Kraft Foods, LLC has been selling cheese under the “Cracker Barrel” trademark since 1954. Meanwhile, Cracker Barrel Old Country Store, Inc., founded in 1969, operates a national chain of 621 “Cracker Barrel” roadside restaurants. For more than 40 years, the two “Cracker Barrel” trademarks have peaceably co-existed. Until now.
Last week, Kraft Foods filed a complaint against Cracker Barrel Old Country Store in U.S. District Court for the Northern District of Illinois alleging trademark infringement. It seems the restaurant chain signed a license agreement with John Morrell Food Group, a subsidiary of Kraft’s rival, Smithfield Foods, in November.
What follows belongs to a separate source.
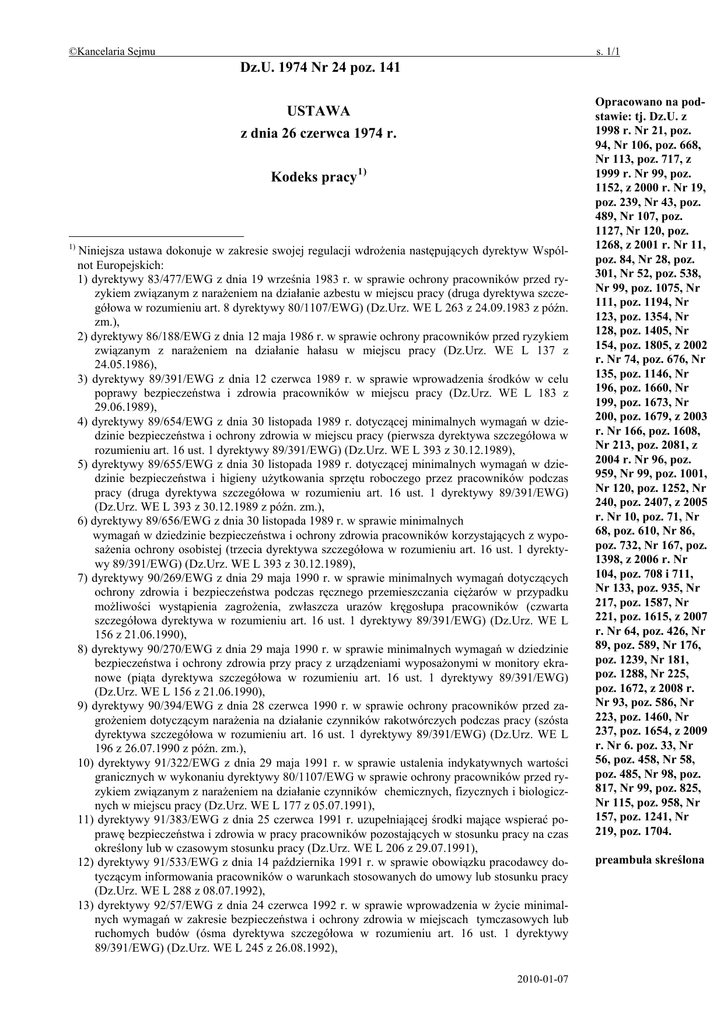 ©Kancelaria Sejmu s. 1/1 Dz.U. 1974 Nr 24 poz. 141 USTAWA z dnia 26 czerwca 1974 r. Kodeks pracy 1) 1) Niniejsza ustawa dokonuje w zakresie swojej regulacji wdrożenia następujących dyrektyw Wspólnot Europejskich: 1) dyrektywy 83/477/EWG z dnia 19 września 1983 r. w sprawie ochrony pracowników przed ryzykiem związanym z narażeniem na działanie azbestu w miejscu pracy (druga dyrektywa szczegółowa w rozumieniu art. 8 dyrektywy 80/1107/EWG) (Dz.Urz. WE L 263 z 24.09.1983 z późn. zm.), 2) dyrektywy 86/188/EWG z dnia 12 maja 1986 r. w sprawie ochrony pracowników przed ryzykiem związanym z narażeniem na działanie hałasu w miejscu pracy (Dz.Urz. WE L 137 z 24.05.1986), 3) dyrektywy 89/391/EWG z dnia 12 czerwca 1989 r. w sprawie wprowadzenia środków w celu poprawy bezpieczeństwa i zdrowia pracowników w miejscu pracy (Dz.Urz. WE L 183 z 29.06.1989), 4) dyrektywy 89/654/EWG z dnia 30 listopada 1989 r. dotyczącej minimalnych wymagań w dziedzinie bezpieczeństwa i ochrony zdrowia w miejscu pracy (pierwsza dyrektywa szczegółowa w rozumieniu art. 16 ust. 1 dyrektywy 89/391/EWG) (Dz.Urz. WE L 393 z 30.12.1989), 5) dyrektywy 89/655/EWG z dnia 30 listopada 1989 r. dotyczącej minimalnych wymagań w dziedzinie bezpieczeństwa i higieny użytkowania sprzętu roboczego przez pracowników podczas pracy (druga dyrektywa szczegółowa w rozumieniu art. 16 ust. 1 dyrektywy 89/391/EWG) (Dz.Urz. WE L 393 z 30.12.1989 z późn. zm.), 6) dyrektywy 89/656/EWG z dnia 30 listopada 1989 r. w sprawie minimalnych wymagań w dziedzinie bezpieczeństwa i ochrony zdrowia pracowników korzystających z wyposażenia ochrony osobistej (trzecia dyrektywa szczegółowa w rozumieniu art. 16 ust. 1 dyrektywy 89/391/EWG) (Dz.Urz. WE L 393 z 30.12.1989), 7) dyrektywy 90/269/EWG z dnia 29 maja 1990 r. w sprawie minimalnych wymagań dotyczących ochrony zdrowia i bezpieczeństwa podczas ręcznego przemieszczania ciężarów w przypadku możliwości wystąpienia zagrożenia, zwłaszcza urazów kręgosłupa pracowników (czwarta szczegółowa dyrektywa w rozumieniu art. 16 ust. 1 dyrektywy 89/391/EWG) (Dz.Urz. WE L 156 z 21.06.1990), 8) dyrektywy 90/270/EWG z dnia 29 maja 1990 r. w sprawie minimalnych wymagań w dziedzinie bezpieczeństwa i ochrony zdrowia przy pracy z urządzeniami wyposażonymi w monitory ekranowe (piąta dyrektywa szczegółowa w rozumieniu art. 16 ust. 1 dyrektywy 89/391/EWG) (Dz.Urz. WE L 156 z 21.06.1990), 9) dyrektywy 90/394/EWG z dnia 28 czerwca 1990 r. w sprawie ochrony pracowników przed zagrożeniem dotyczącym narażenia na działanie czynników rakotwórczych podczas pracy (szósta dyrektywa szczegółowa w rozumieniu art. 16 ust. 1 dyrektywy 89/391/EWG) (Dz.Urz. WE L 196 z 26.07.1990 z późn. zm.), 10) dyrektywy 91/322/EWG z dnia 29 maja 1991 r. w sprawie ustalenia indykatywnych wartości granicznych w wykonaniu dyrektywy 80/1107/EWG w sprawie ochrony pracowników przed ryzykiem związanym z narażeniem na działanie czynników chemicznych, fizycznych i biologicznych w miejscu pracy (Dz.Urz. WE L 177 z 05.07.1991), 11) dyrektywy 91/383/EWG z dnia 25 czerwca 1991 r. uzupełniającej środki mające wspierać poprawę bezpieczeństwa i zdrowia w pracy pracowników pozostających w stosunku pracy na czas określony lub w czasowym stosunku pracy (Dz.Urz. WE L 206 z 29.07.1991), 12) dyrektywy 91/533/EWG z dnia 14 października 1991 r. w sprawie obowiązku pracodawcy dotyczącym informowania pracowników o warunkach stosowanych do umowy lub stosunku pracy (Dz.Urz. WE L 288 z 08.07.1992), 13) dyrektywy 92/57/EWG z dnia 24 czerwca 1992 r. w sprawie wprowadzenia w życie minimalnych wymagań w zakresie bezpieczeństwa i ochrony zdrowia w miejscach tymczasowych lub ruchomych budów (ósma dyrektywa szczegółowa w rozumieniu art. 16 ust. 1 dyrektywy 89/391/EWG) (Dz.Urz. WE L 245 z 26.08.1992), 2010-01-07 Opracowano na podstawie: tj. Dz.U. z 1998 r. Nr 21, poz. 94, Nr 106, poz. 668, Nr 113, poz. 717, z 1999 r. Nr 99, poz. 1152, z 2000 r. Nr 19, poz. 239, Nr 43, poz. 489, Nr 107, poz. 1127, Nr 120, poz. 1268, z 2001 r. Nr 11, poz. 84, Nr 28, poz. 301, Nr 52, poz. 538, Nr 99, poz. 1075, Nr 111, poz. 1194, Nr 123, poz. 1354, Nr 128, poz. 1405, Nr 154, poz. 1805, z 2002 r. Nr 74, poz. 676, Nr 135, poz. 1146, Nr 196, poz. 1660, Nr 199, poz. 1673, Nr 200, poz. 1679, z 2003 r. Nr 166, poz. 1608, Nr 213, poz. 2081, z 2004 r. Nr 96, poz. 959, Nr 99, poz. 1001, Nr 120, poz. 1252, Nr 240, poz. 2407, z 2005 r. Nr 10, poz. 71, Nr 68, poz. 610, Nr 86, poz. 732, Nr 167, poz. 1398, z 2006 r. Nr 104, poz. 708 i 711, Nr 133, poz. 935, Nr 217, poz. 1587, Nr 221, poz. 1615, z 2007 r. Nr 64, poz. 426, Nr 89, poz. 589, Nr 176, poz. 1239, Nr 181, poz. 1288, Nr 225, poz. 1672, z 2008 r. Nr 93, poz. 586, Nr 223, poz. 1460, Nr 237, poz. 1654, z 2009 r. Nr 6. poz. 33, Nr 56, poz. 458, Nr 58, poz. 485, Nr 98, poz. 817, Nr 99, poz. 825, Nr 115, poz. 958, Nr 157, poz. 1241, Nr 219, poz. 1704. preambuła skreślona ©Kancelaria Sejmu s. 2/2 14) dyrektywy 92/58/EWG z dnia 24 czerwca 1992 r. w sprawie minimalnych wymagań dotyczących znaków bezpieczeństwa i/lub zdrowia w miejscu pracy (dziewiąta dyrektywa szczegółowa w rozumieniu art. 16 ust. 1 dyrektywy 89/391/EWG) (Dz.Urz. WE L 245 z 26.08.1992), 15) dyrektywy 92/85/EWG z dnia 19 października 1992 r. w sprawie wprowadzenia środków służących wspieraniu poprawy w miejscu pracy bezpieczeństwa i zdrowia pracownic w ciąży, pracownic, które niedawno rodziły i pracownic karmiących piersią (dziesiąta dyrektywa szczegółowa w rozumieniu art. 16 ust. 1 dyrektywy 89/391/EWG) (Dz.Urz. WE L 348 z 28.11.1992), 16) dyrektywy 93/104/WE z dnia 23 listopada 1993 r. dotyczącej niektórych aspektów organizacji czasu pracy (Dz.Urz. WE L 307 z 13.12.1993), 17) dyrektywy 94/33/WE z dnia 22 czerwca 1994 r. w sprawie ochrony pracy osób młodych (Dz.Urz. WE L 216 z 20.08.1994), 18) dyrektywy 96/34/WE z dnia 3 czerwca 1996 r. w sprawie Porozumienia ramowego dotyczącego url

Pursuant to that agreement, John Morrell Food Group will produce and sell a line of food products, such as “ham, bacon, assorted lunch meats, glazes, jerky and summer sausage” through grocery, club stores and mass merchandisers under the “Cracker Barrel” trademark. What’s more, Cracker Barrel filed several trademark applications to register the “Cracker Barrel Old Country Store” mark (in both standard characters and as part of a design mark) for those licensed products, as well as for a variety of other food products, including oatmeal, muffin mixes, lemonade and iced tea, on an intent-to-use basis.
This is not Cracker Barrel’s first foray into the retail food market. In addition to serving tender vittles to road-weary travelers, the company also sell mixes, candies, preserves, sauces and syrups under the “Cracker Barrel” trademark in shops adjacent to the eateries and online. Nevertheless, according to Kraft’s complaint, Cracker Barrel’s proposed expansion “threaten[s] to destroy the substantial good will that Kraft has created in its Cracker Barrel trademark, and to create significant confusion and cannot be permitted.”
At first blush, it would seem that Kraft is out of luck. If there were such a substantial likelihood of confusion between the two trademarks, how have they managed to co-exist over the past four decades and why didn’t Kraft object before? Yet, Kraft may well prevail here—or at least manage to negotiate a favorable settlement—based on the fact that the restaurant chain’s plans for expansion will encroach on channels of distribution (i.e., third party retail food channels, such as grocery stores) that had previously been exclusive to Kraft.
When analyzing whether a likelihood of confusion exists, courts will consider a number of factors, in addition to the similarities between trademarks themselves. District courts in the Seventh Circuit, such as the District Court of the Northern District of Illinois, typically consider the following seven factors:
(1) the degree of similarity between the marks in appearance and suggestion;
(2) the similarity of the products for which the name is used;
(3) the area and manner of concurrent use;
(4) the degree of care likely to be exercised by consumers;
(5) the strength of the complainant’s mark;
(6) actual confusion; and
(7) an intent on the part of the alleged infringer to palm off his products as those of another.
Helene Curtis Industries, Inc. v. Church & Dwight Co., 560 F.2d 1325, 1330 (7th Cir. 1977), cert. denied, 434 U.S. 1070 (1978);
see also
AutoZone, Inc. v. Strick, 543 F.3d 923, 929 (7th Cir. 2008).
Where, as here, Cracker Barrel’s prior area and manner of concurrent use of the “Cracker Barrel” trademark was limited to only a few types of food products sold exclusively through its own retail outlets, this third factor may be sufficient to tip the scales of justice in favor of Kraft.
The case is Kraft Foods Group Brands LLC v. Cracker Barrel Old Country Store Inc., Case No. 13-cv-00780, U.S. District Court, Northern District of Illinois.